Nothing but the lines from the one containing "Esta design apresenta" through the end of the entries below should appear in your answer, transcribed exactly; please drop the pictures.

• **DATA IN THIS EXERCISE**:
<<<<
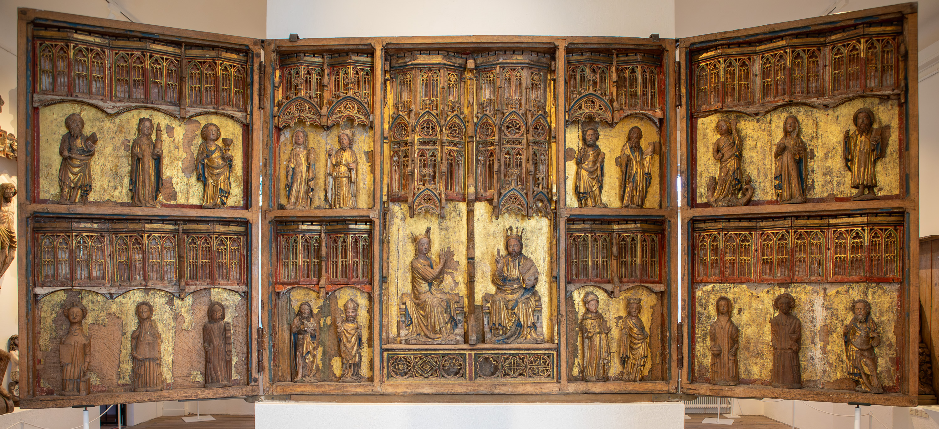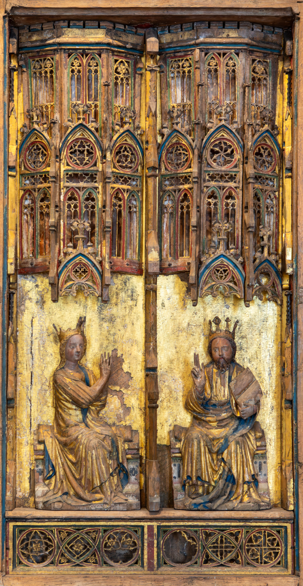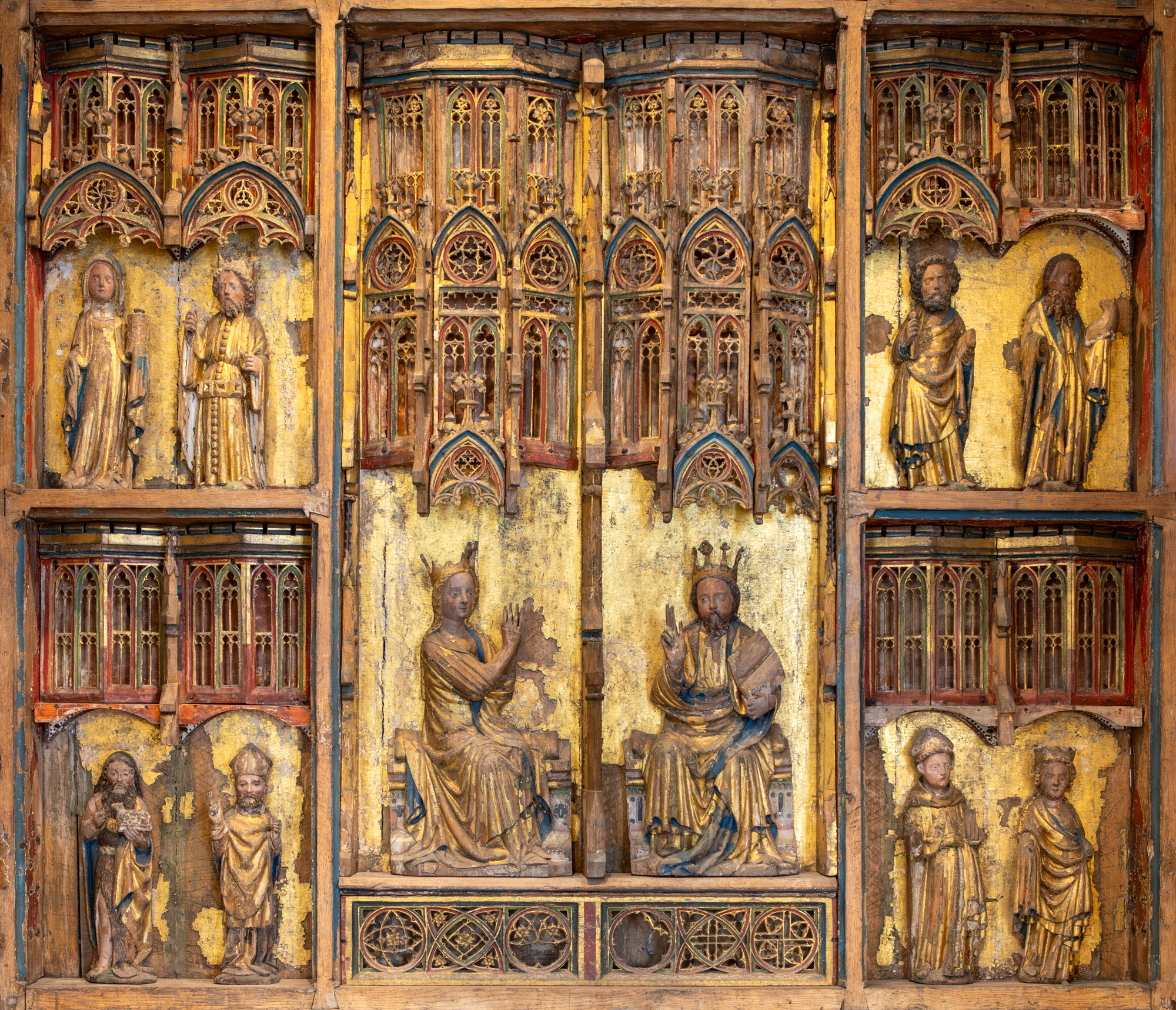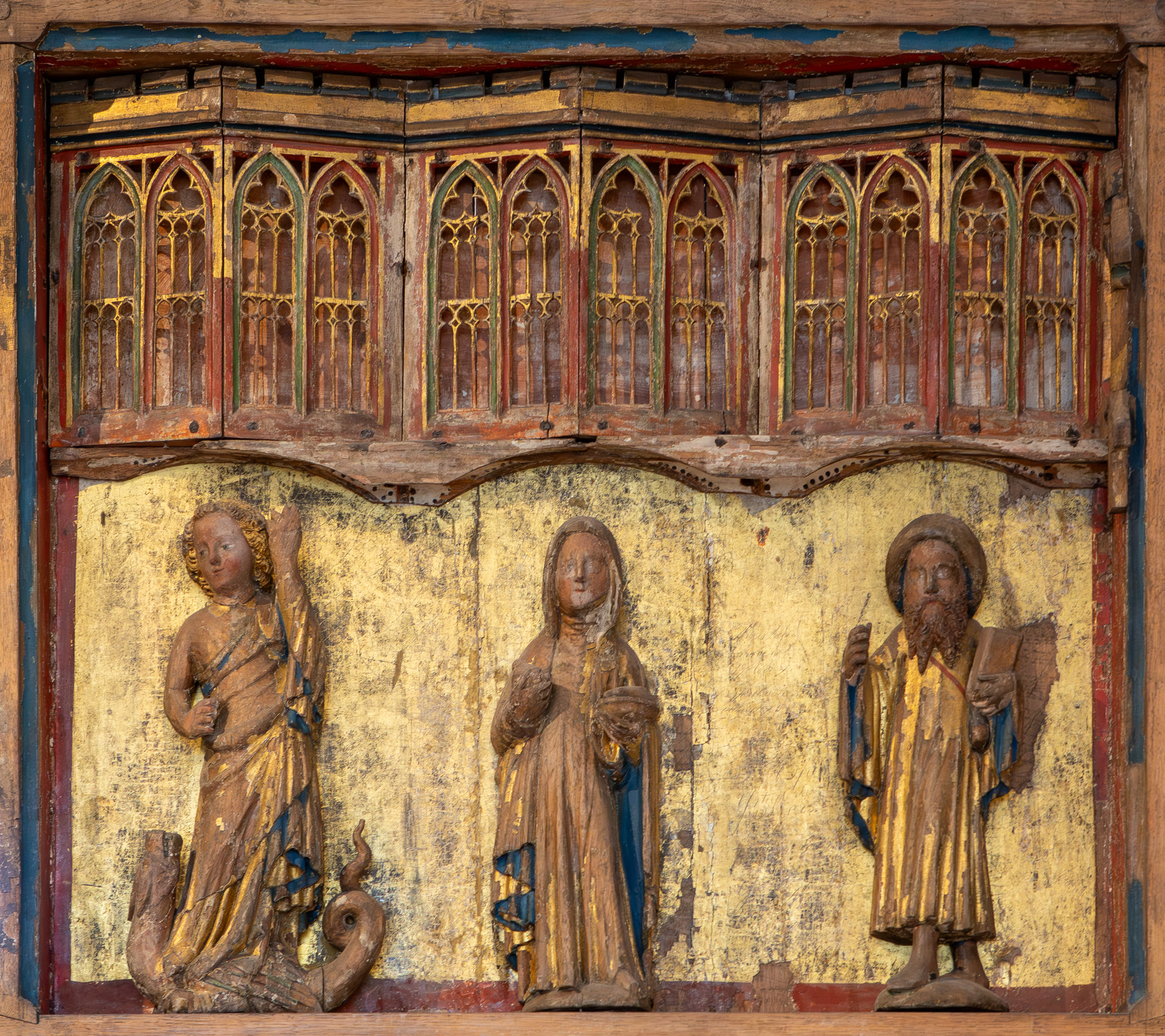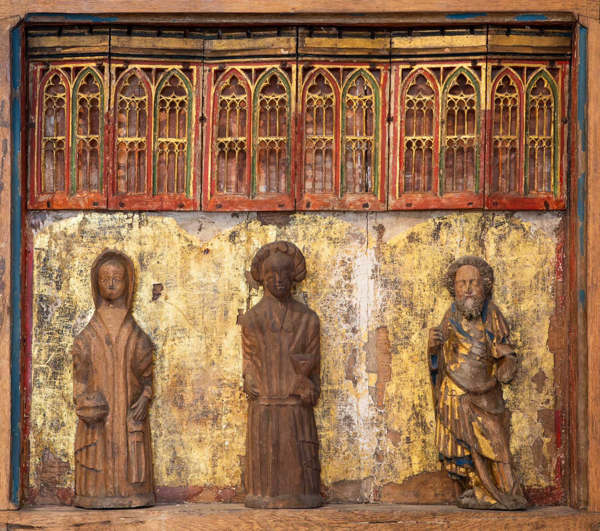13 af helgenfigurerne er oprindelige. Heraf kan 7 identificeres: Barbara med krone og tårn i venstre hånd; Johannes Evangelist med kalk i venstre hånd; Maria Magdalena med hovedtørklæde og salvekrukke; Johannes Døber med lam på venstre arm; Skt. Jørgen stående på drage; Elisabeth af Thüringen med et fad med to fisk i venstre hånd og et brød i højre; Jakob den Ældre med pilgrimshat, bog, pilgrimspose og trekvartlang kjortel. De øvrige helgener: en abbed med mitra og reb om livet; en kongehelgen; en kvindelig helgen med krone og tre mandlige helgener.
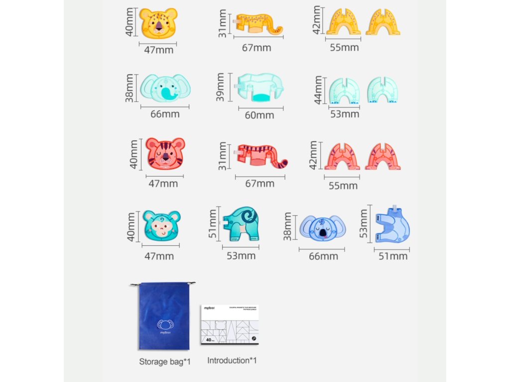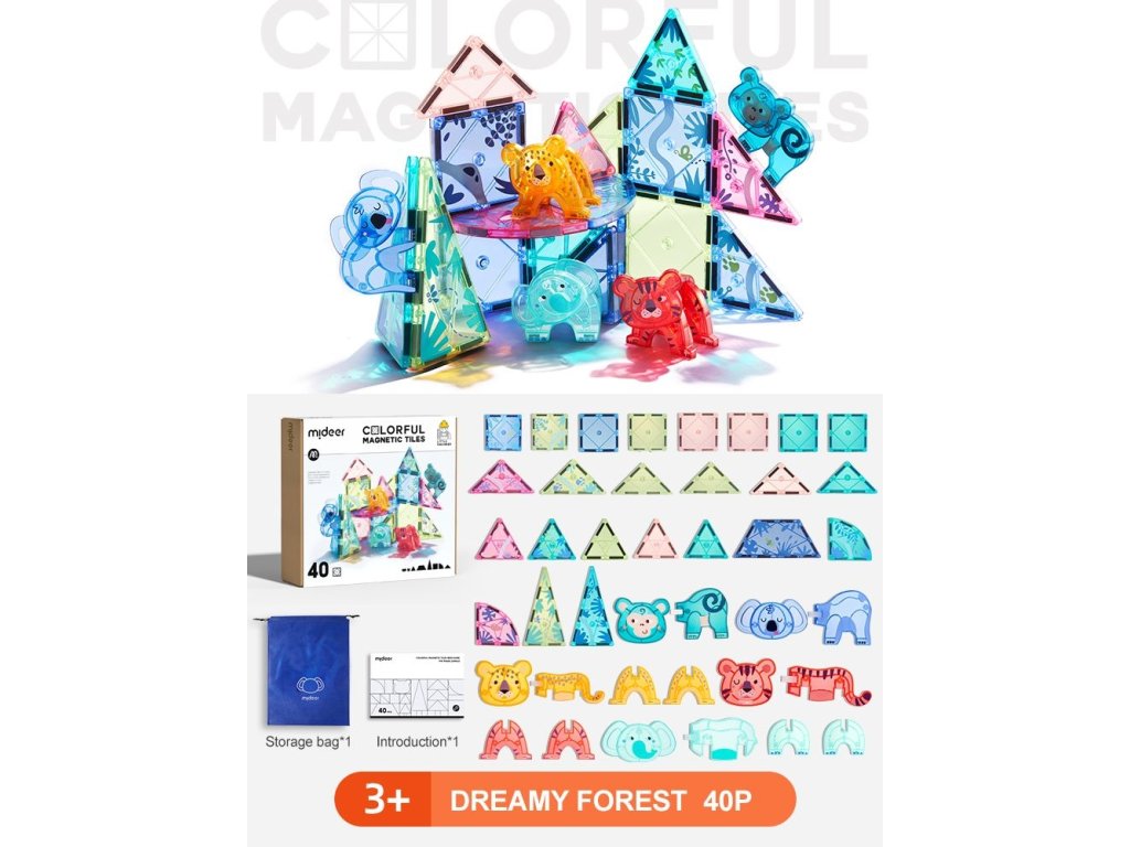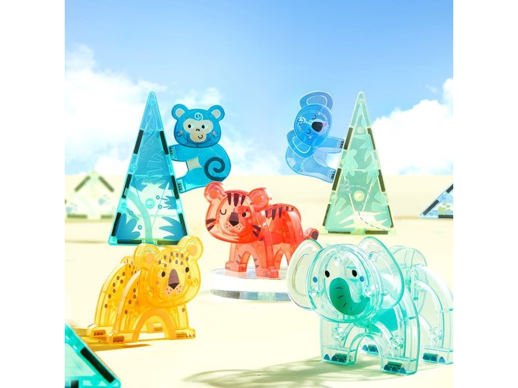 Motiv roztomilých zvířátek děti přirozeně motivuje ke hře a podporuje fantazii, tvořivost a vyprávění vlastních příběhů. Magnetické spojení umožňuje rychlé skládání a rozebírání, což pomáhá rozvíjet jemnou motoriku, koordinaci ruka–oko a prostorové myšlení. Děti mohou stavět jednoduché stavby, kombinovat zvířátka i vytvářet první 2D a 3D konstrukce.
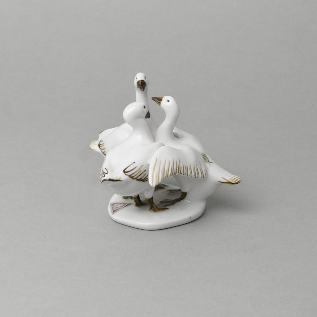 Porcelánová figurka tří hus, čistě bílé, zdobeno hnědými detaily. Velice nadčasový moderní design. Vyrobeno v tradiční české manufaktuře Duchcov (Royal Dux Bohemia).
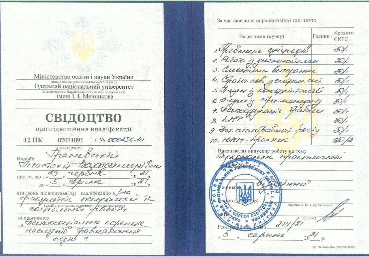 - Сертифікат Психосоціальна корекція наслідків травматичних подій (ОНУ ім. Мечникова) з 2021 року
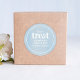 Esta design apresenta um simples e brilhante minimalista de aquarela azul, um oceano de verão, um modelo de "levar a tratar" minimalista, um favor de etiqueta adesiva criativa, um doce biscoito de bar de buffet doce bonito, com um simples script minimalista de círculo, um chic caprichoso personalizado, etiquetas criativas de na moda, um rótulo azul de "tratador", um festival de piscina de quintal
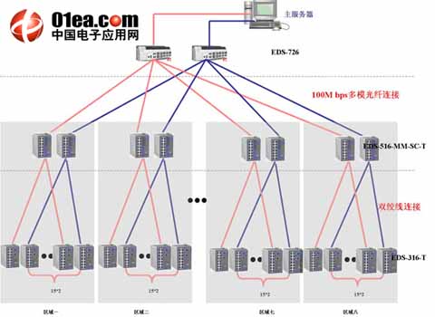 奥运场馆水立方艺术灯光景观项目的网络架构图所示:网络采用双网架构,分为三层。设备层由188台EDS-316-T交换机组成,主要负责连接现场的LED灯光控制器,控制景观灯的开关和颜色。汇聚层由16台EDS-516A-MM-SC组成,负责连接现场层的EDS-316-T。核心层使用两台EDS-726模块化交换机组成,负责连接汇聚层的EDS-516A-MM-SC和服务器。
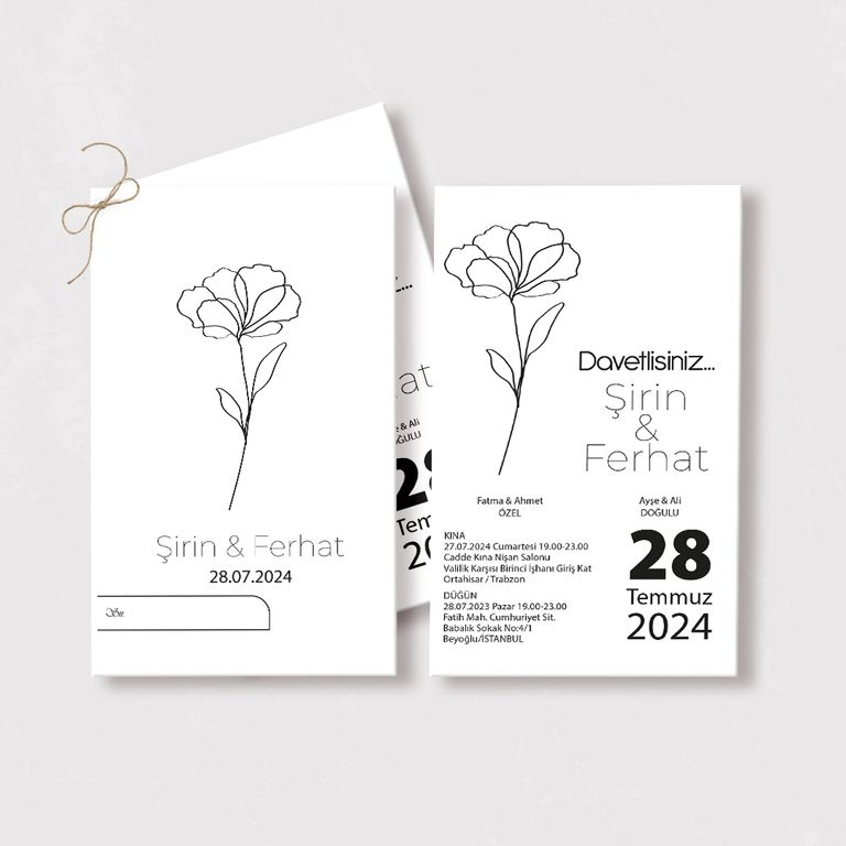 - Sade davetiye, minimal tasarımıyla yazı ve grafik detayların net şekilde öne çıkmasını sağlar.
>>>>
• **RESULT OF THE EXERCISE**:
 Esta design apresenta um simples e brilhante minimalista de aquarela azul, um oceano de verão, um modelo de "levar a tratar" minimalista, um favor de etiqueta adesiva criativa, um doce biscoito de bar de buffet doce bonito, com um simples script minimalista de círculo, um chic caprichoso personalizado, etiquetas criativas de na moda, um rótulo azul de "tratador", um festival de piscina de quintal
 奥运场馆水立方艺术灯光景观项目的网络架构图所示:网络采用双网架构,分为三层。设备层由188台EDS-316-T交换机组成,主要负责连接现场的LED灯光控制器,控制景观灯的开关和颜色。汇聚层由16台EDS-516A-MM-SC组成,负责连接现场层的EDS-316-T。核心层使用两台EDS-726模块化交换机组成,负责连接汇聚层的EDS-516A-MM-SC和服务器。
 - Sade davetiye, minimal tasarımıyla yazı ve grafik detayların net şekilde öne çıkmasını sağlar.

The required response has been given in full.